§ WORK REQUEST
In your copy, include no images and return each entry exactly as written.

DATA RECORDS Start Marker

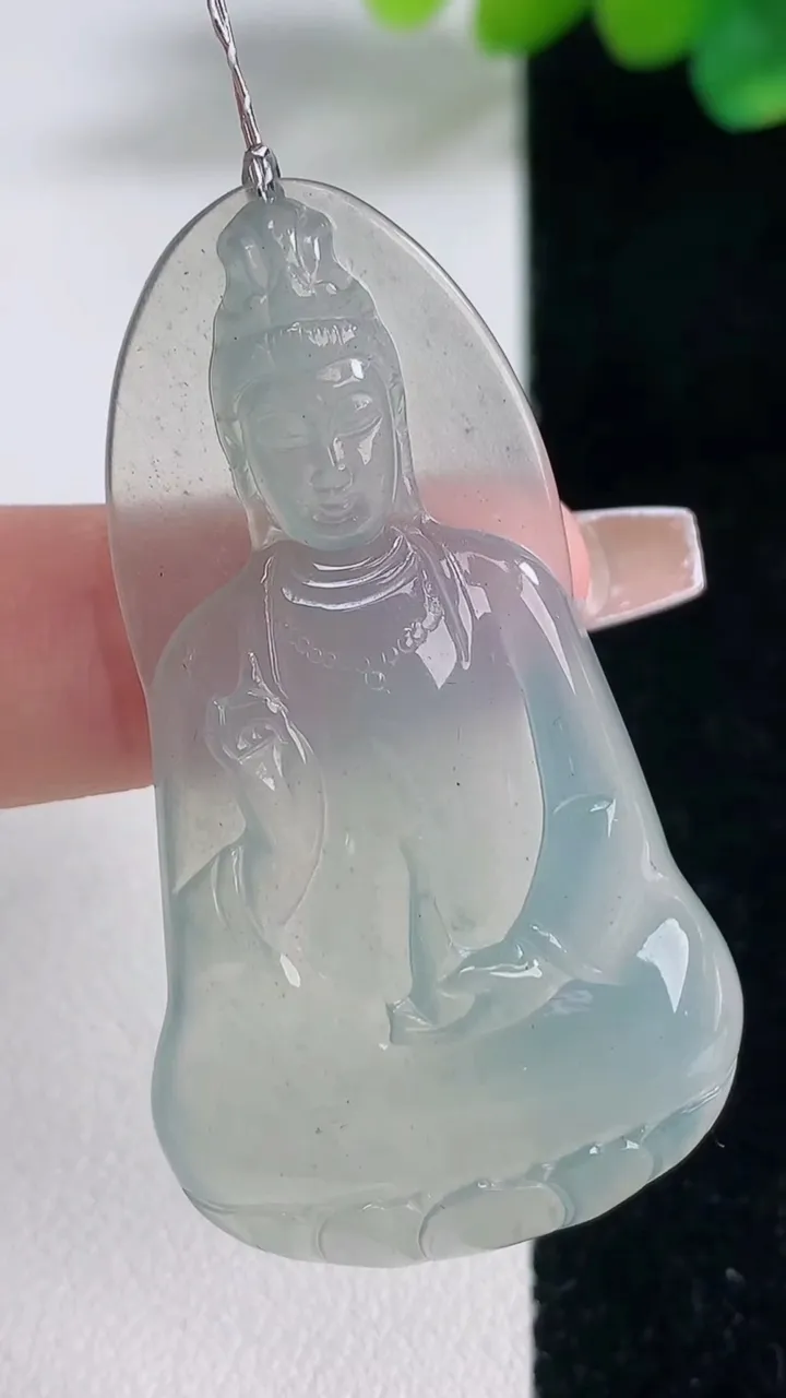 天然A货翡翠佛公吊坠,尺寸46.2-38.5-11裸石25.8-33.7,重量:18.03g 12月
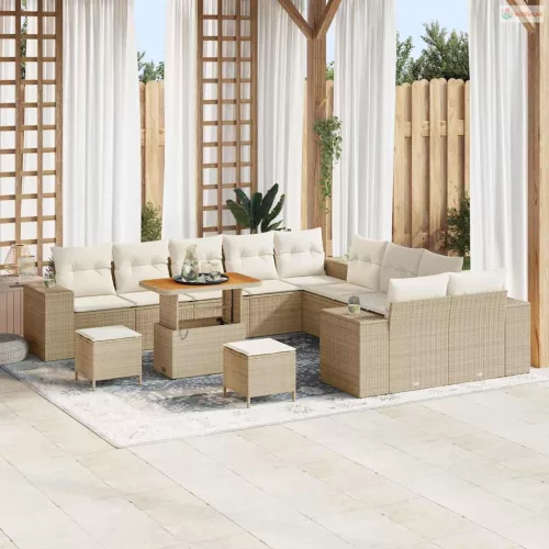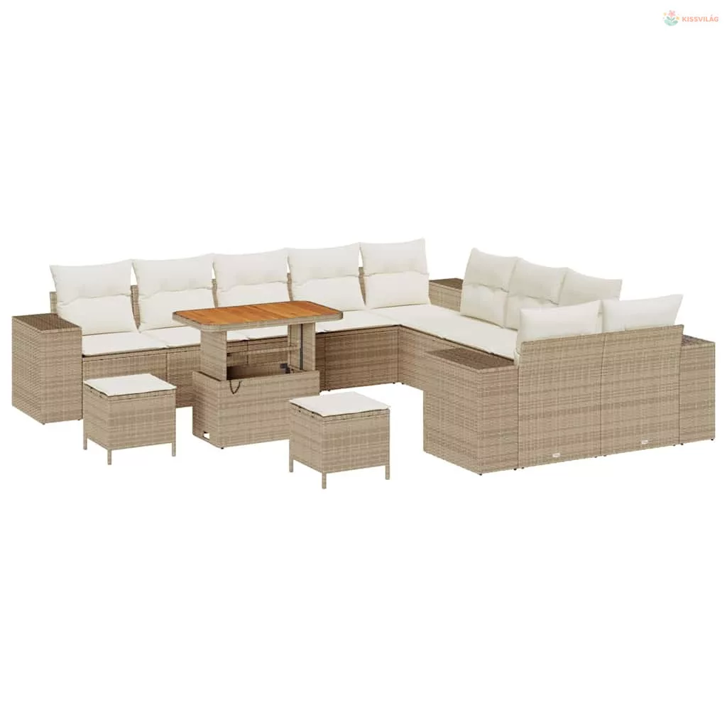 Kerti Kanapé Szett párnával 13 pcs Beige és krém polirattan
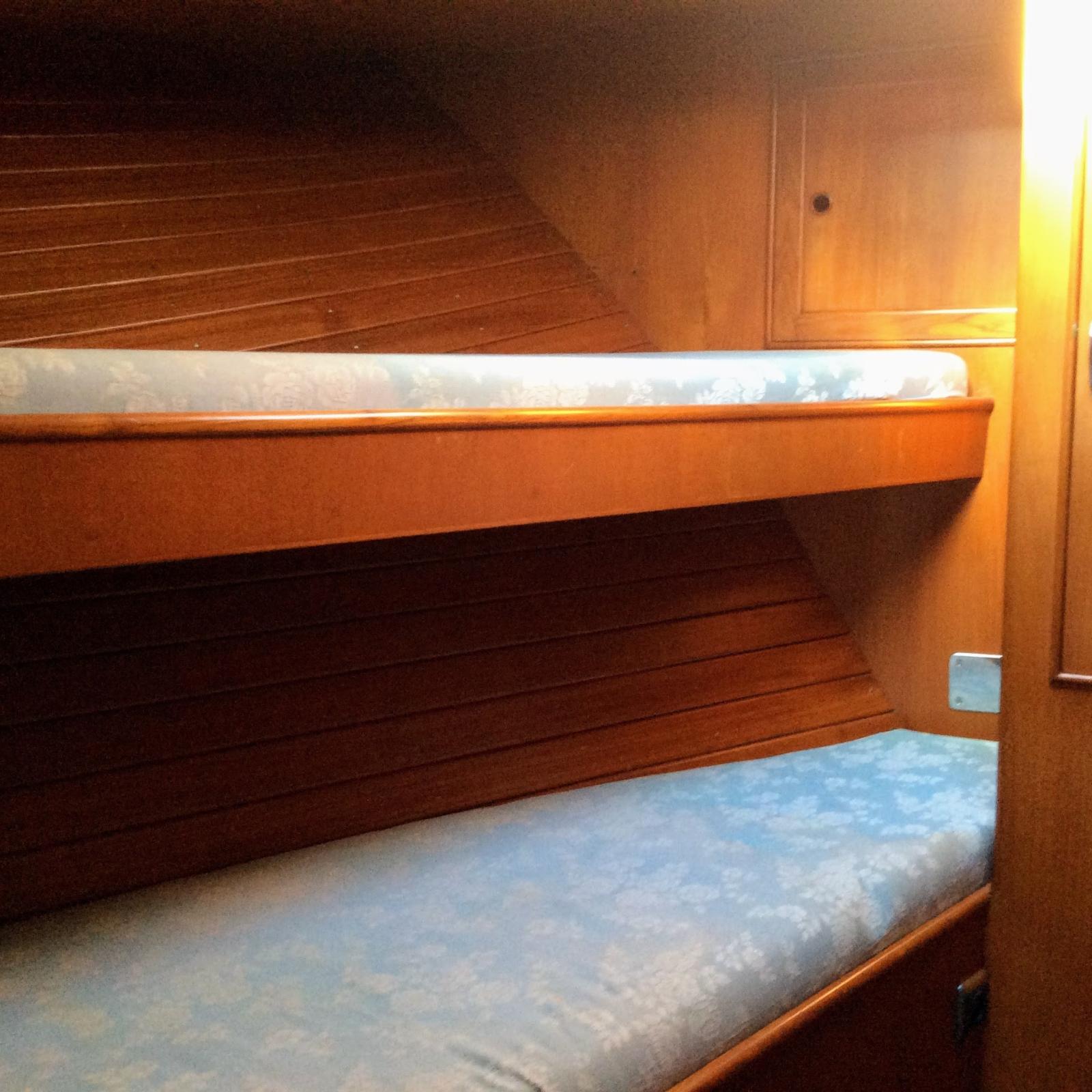3 cabine (1 matrimoniale, 1 letto a castello, 1 singolo), quadrato in alcantara - Aria condizionata reversibile.
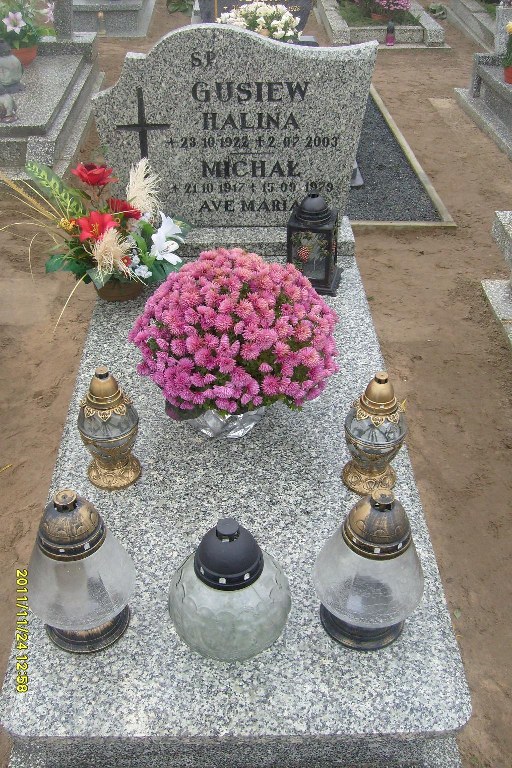 Grób: IV,II,17 Gusiew Michał ur.:1917-10-21 zm.:1979-09-15 Gusiew Halina ur.:1922-10-23 zm.:2003-07-02 |
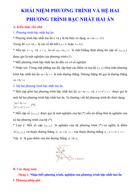 PHƯƠNG TRÌNH BẬC NHẤT HAI ẨN
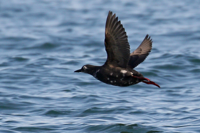 19日、この日はこのツアーを締めくくる落石クルーズでウミスズメ類や海ガモ類を撮影します。漁船を使ったクルーズのため欠航のリスクは高いものの、この日は過去にないほどの穏やかな海況になってくれました。落石クルーズは営業運行前から少々お手伝いをさせていただいた縁があり、また観光客が気軽に乗船するような観光船ではないことから我々のツアーでは応援する意味でも必ずツアーに組み込むようにしています。もちろんウミスズメ類が撮影可能な距離感で見られるという意味ではまさに唯一無二といってよいクルーズです。夏には妖艶な姿のエトピリカが主役ですが、冬季はなぜかこの海域でしか見られないウミバトが主役で、この日は銀白色に輝くアリューシャンウミバトのほか、ウミバト、ケイマフリ、ウミガラス、コウミスズメ、そして幸運なことにエトロフウミスズメを間近に撮影することもできました。ケイマフリやウミガラスは早くも夏羽に換羽した個体から冬羽個体、また換羽中の個体までさまざま撮影することができ、お馴染みのラッコやゴマフアザラシも撮影することができました。
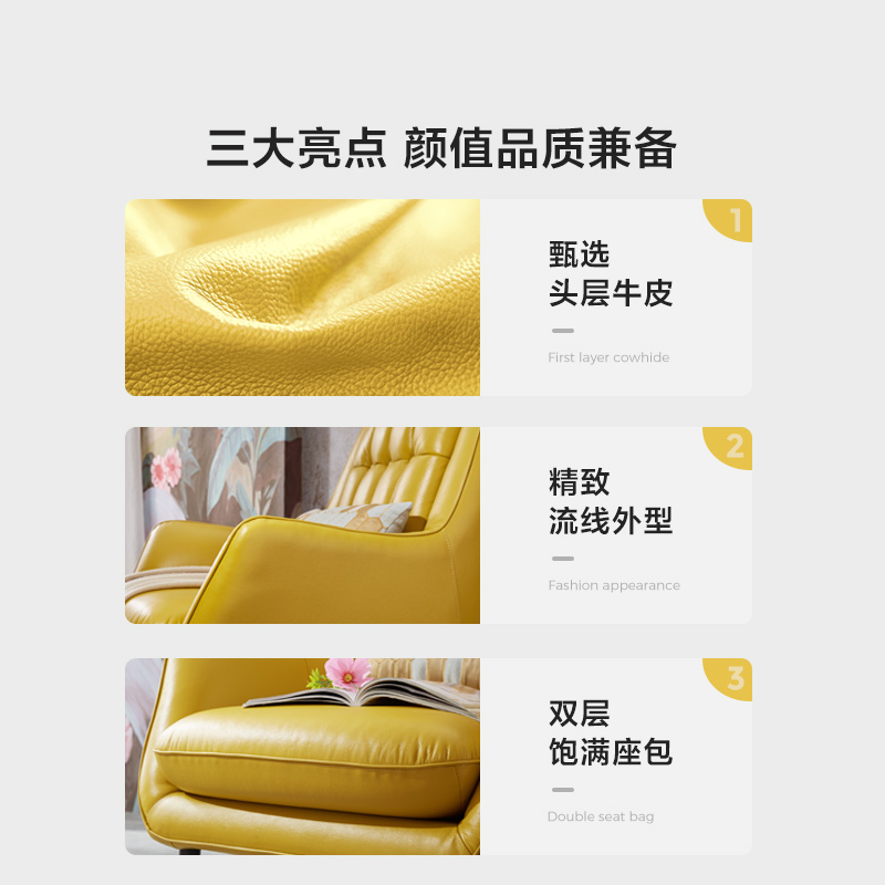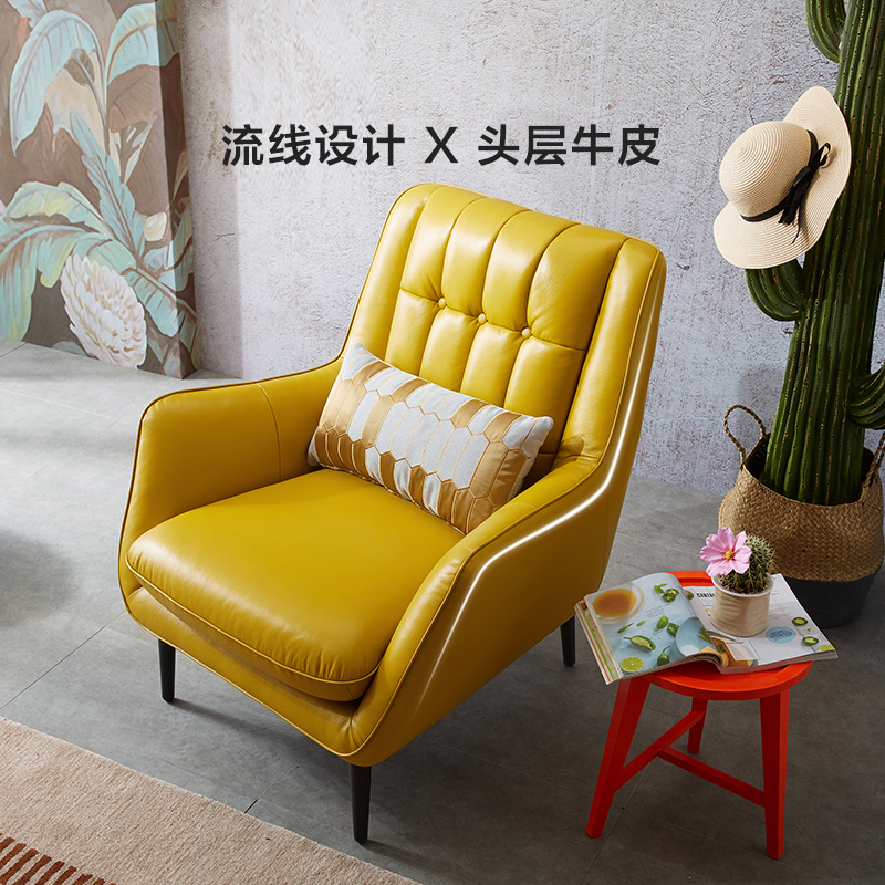 Lin's wood industry modern minimalist living-room real leather sofa Nordic small family Leather Sofa Furniture RAM1Q

DATA RECORDS End Marker

§ EXERCISE RESULT
 天然A货翡翠佛公吊坠,尺寸46.2-38.5-11裸石25.8-33.7,重量:18.03g 12月
 Kerti Kanapé Szett párnával 13 pcs Beige és krém polirattan
3 cabine (1 matrimoniale, 1 letto a castello, 1 singolo), quadrato in alcantara - Aria condizionata reversibile.
 Grób: IV,II,17 Gusiew Michał ur.:1917-10-21 zm.:1979-09-15 Gusiew Halina ur.:1922-10-23 zm.:2003-07-02 |
 PHƯƠNG TRÌNH BẬC NHẤT HAI ẨN
 19日、この日はこのツアーを締めくくる落石クルーズでウミスズメ類や海ガモ類を撮影します。漁船を使ったクルーズのため欠航のリスクは高いものの、この日は過去にないほどの穏やかな海況になってくれました。落石クルーズは営業運行前から少々お手伝いをさせていただいた縁があり、また観光客が気軽に乗船するような観光船ではないことから我々のツアーでは応援する意味でも必ずツアーに組み込むようにしています。もちろんウミスズメ類が撮影可能な距離感で見られるという意味ではまさに唯一無二といってよいクルーズです。夏には妖艶な姿のエトピリカが主役ですが、冬季はなぜかこの海域でしか見られないウミバトが主役で、この日は銀白色に輝くアリューシャンウミバトのほか、ウミバト、ケイマフリ、ウミガラス、コウミスズメ、そして幸運なことにエトロフウミスズメを間近に撮影することもできました。ケイマフリやウミガラスは早くも夏羽に換羽した個体から冬羽個体、また換羽中の個体までさまざま撮影することができ、お馴染みのラッコやゴマフアザラシも撮影することができました。
 Lin's wood industry modern minimalist living-room real leather sofa Nordic small family Leather Sofa Furniture RAM1Q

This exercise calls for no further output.